PANDEMİNİN gölgesinde başlayan eğitim öğretim bir çok sancıyı da beraberinde getirdi.
Son günlerde Kovid’den dolayı kapanan sınıfların sayısı giderek çoğaldı.
Hem pandemi hem eğitim öğretimin getirdiği yük velileri büyük bir telaşa sürükledi.
Ana okuluna başlayan bir öğrencinin bile okul masrafının “800-1.300 lira arasında” olması insanı ister istemez düşündürüyor.
Piyasada Çin malı kırtasiye ürünlerinin hızla artması ve ucuz olması sonucu bu ürünlere büyük rağbet artıyor.
Ancak kırtasiye ürünlerine büyük bir dikkat gösterilmesi de uzmanlarca uyarılıyor.
Piyasalarda bulunan pek çok kırtasiye ve okul araç ve gereçlerinin tehlikeli olduğunun altını çizen uzmanlar, özellikle mataralar, şişeler ve beslenme çantalarının plastik olmamasına dikkat edilmesi konusunda uyarılarda bulunuyor.Ayrıca “kokulu ve boyalı ürünlerden kaçınılması” gerektiğini söyleyen uzmanlar öğrencilerin sıklıkla kullandıkları kırtasiye malzemelerinin içerdikleri ürünler bakımından çocukların sağlığını tehdit eden ürünler olmaması konusunda velilerin dikkatini çekmeye çalışıyorlar.
Eylül ayının en sıkıntılı aylardan biri olduğunu hepimiz biliriz.
Okul masrafı, kışa hazırlık ve kışlık yiyeceklerin hazırlanması gibi masraflar bu ayın zorlu geçmesini sağlamaktadır.

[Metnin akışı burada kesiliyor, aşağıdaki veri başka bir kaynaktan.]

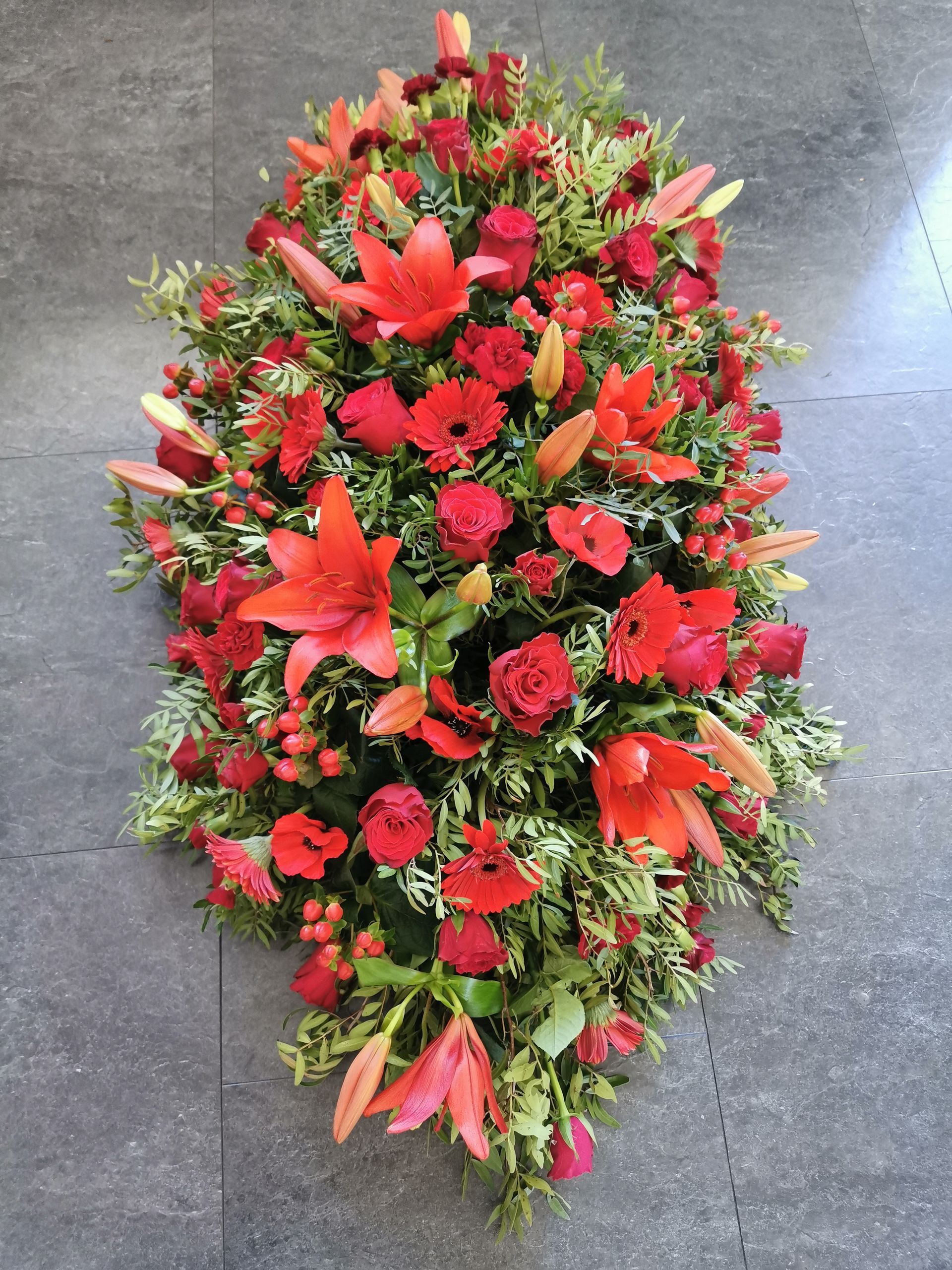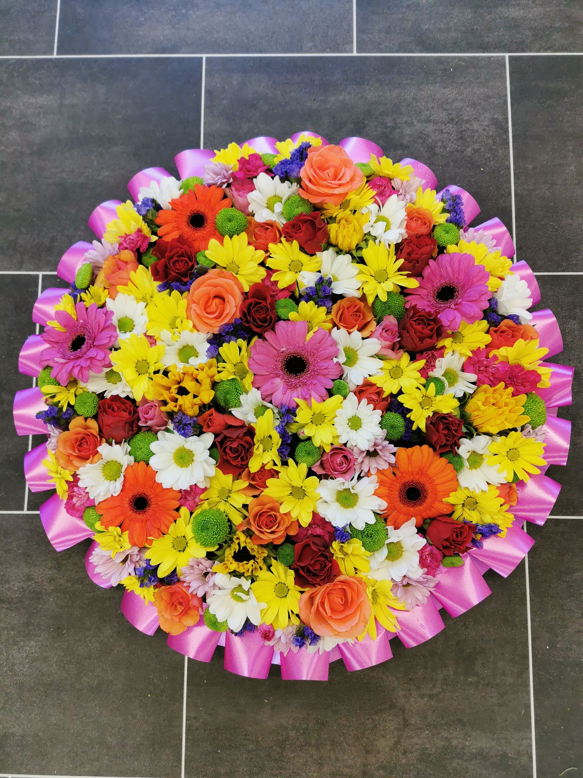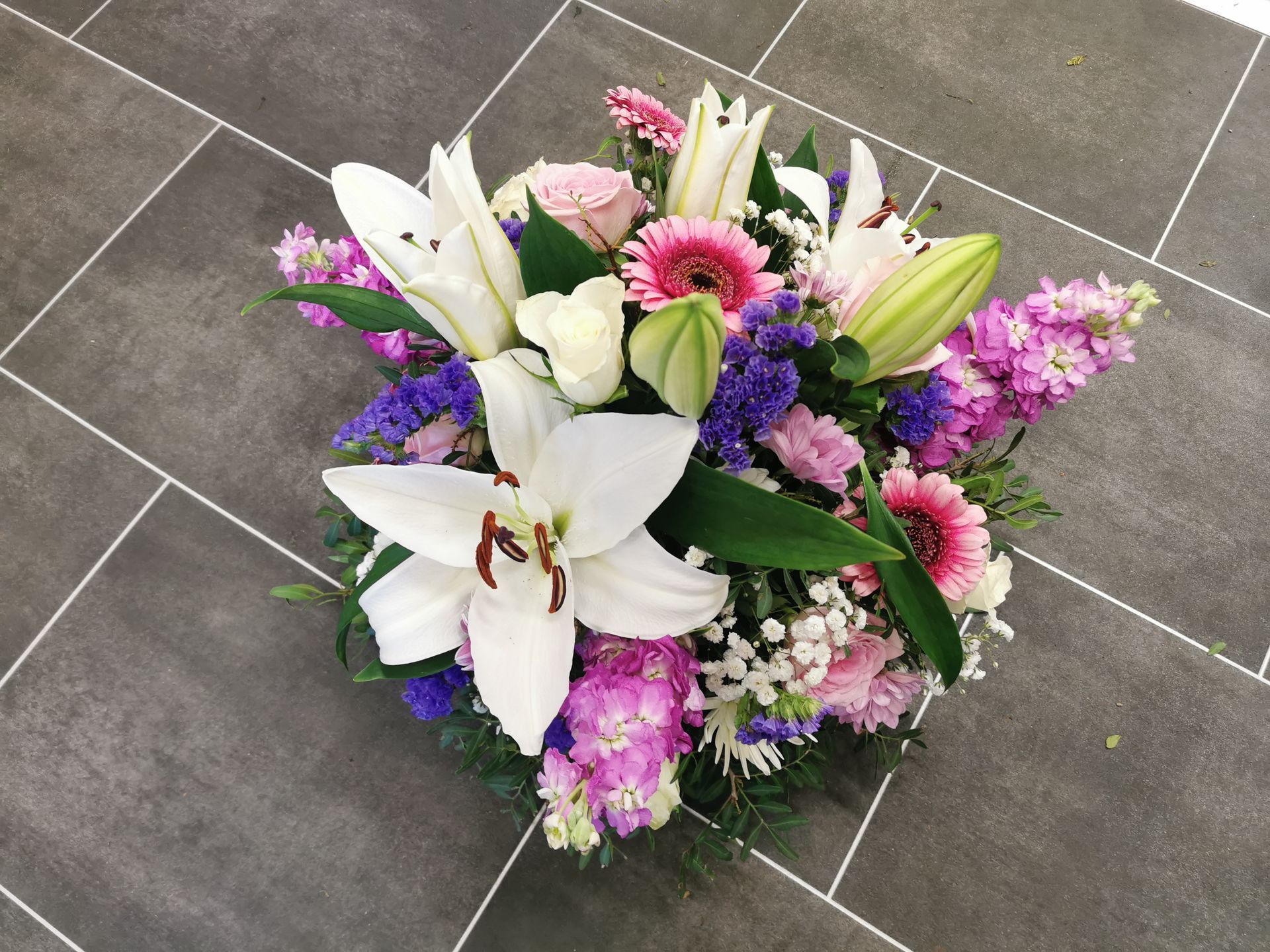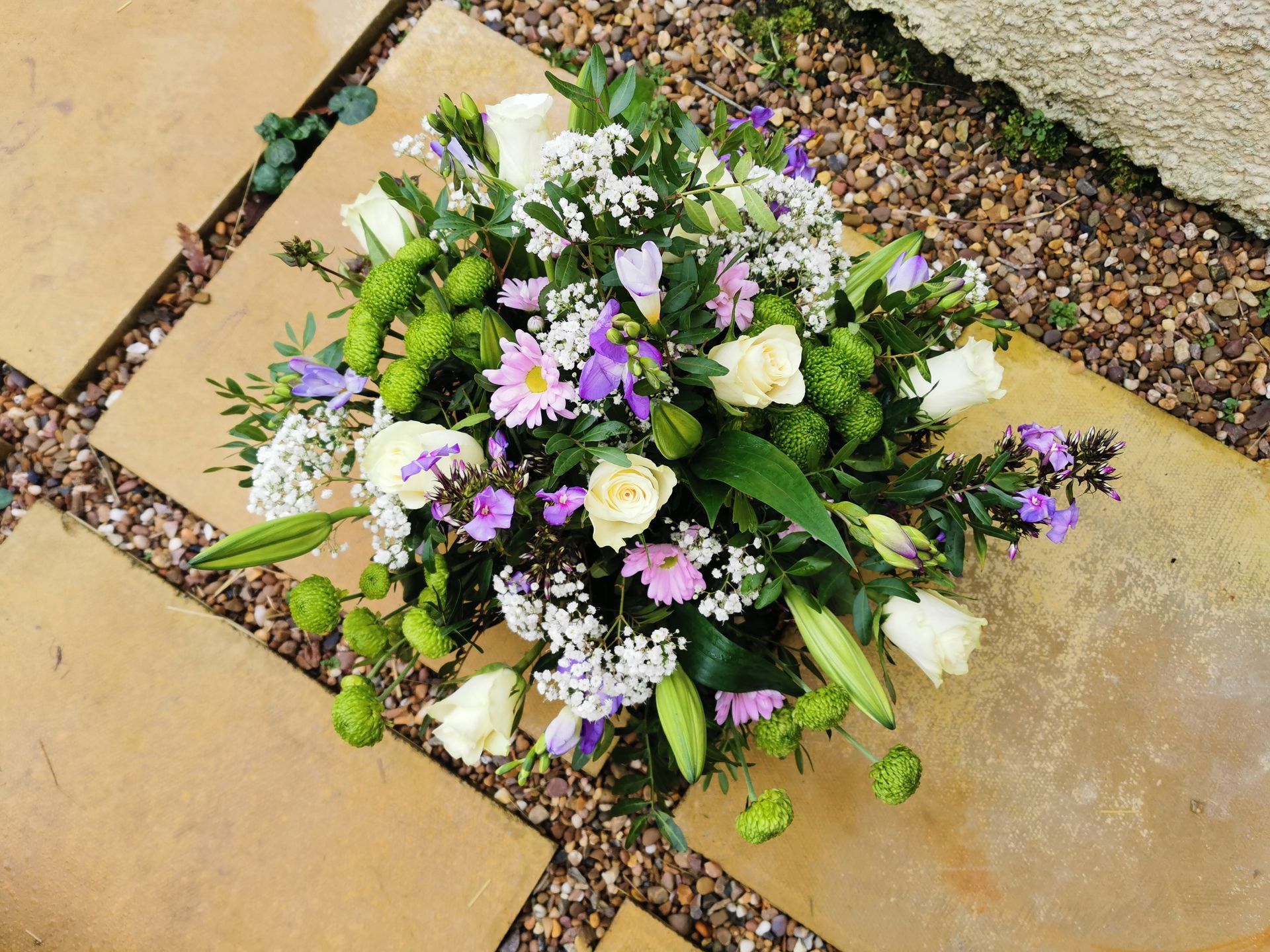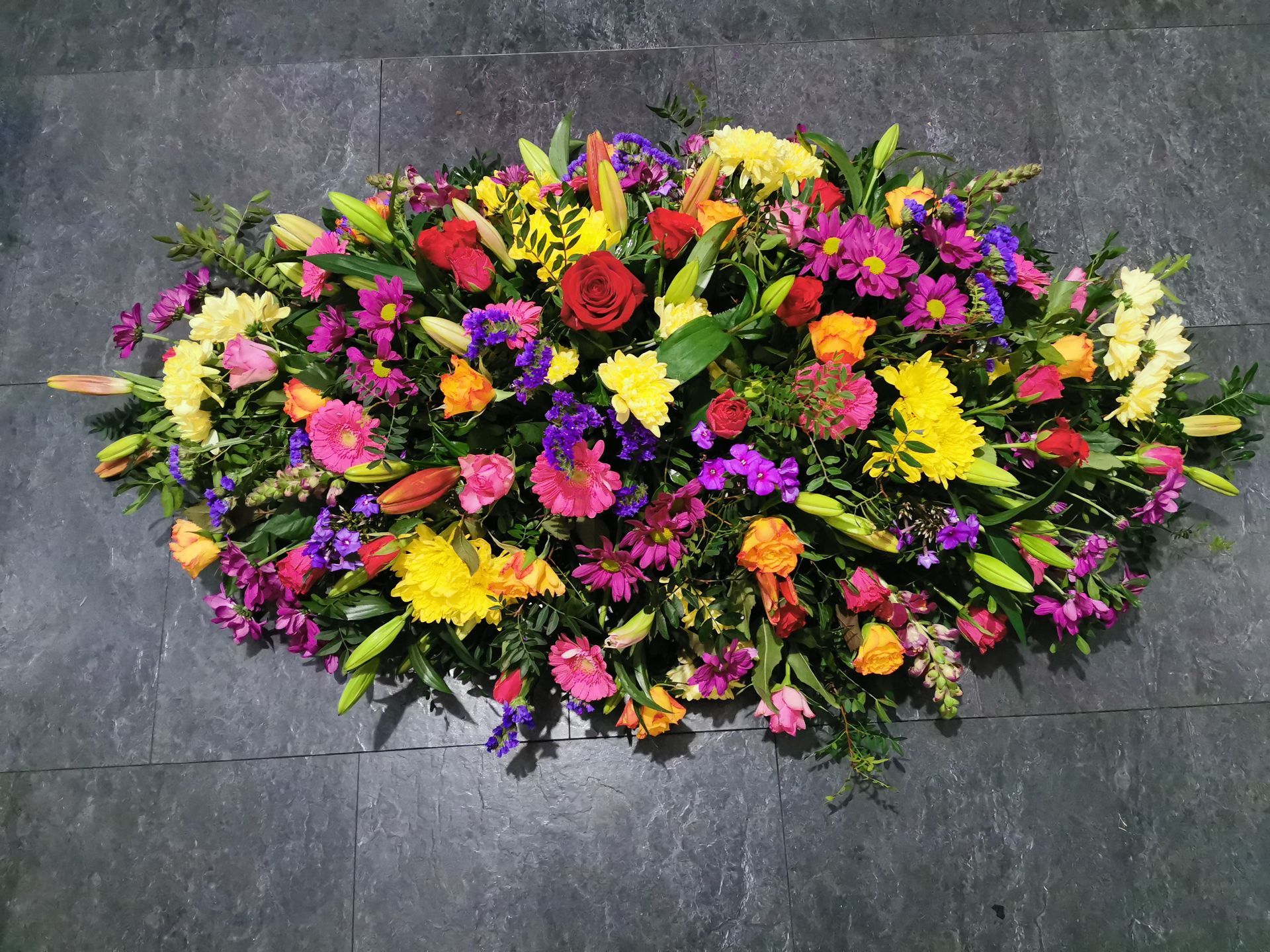 Circular posies in a dish from £25, Coffin sprays vary on flowers & sizes required. Gates to heaven £85

Ancak geleceğimizin teminatı çocuklarımızın sağlığı için özellikle okul ve kırtasiye malzemeleri alımları esnafında uzmanların uyarılarını dikkate almalıyız.
Üç kuruş daha ucuza alacağız diyerek çocuklarımızın sağlığını tehlikeye atmayalım.
En önemlisi Milli Eğitim Müdürlükleri’nin bu anlamda nasıl bir yol izlediğidir.
Okulları kendi haline mi bırakıyor yoksa direkt müdahalede bulunabiliyor mu?En önemlisi okulların velileri yönlendirdiği kıyafet mağazaları, kırtasiye dükkanları nasıl belirleniyor.
Ahbap-çavuş ilişkisi mi uygulanıyor yoksa, yakalanan bir standart var mı?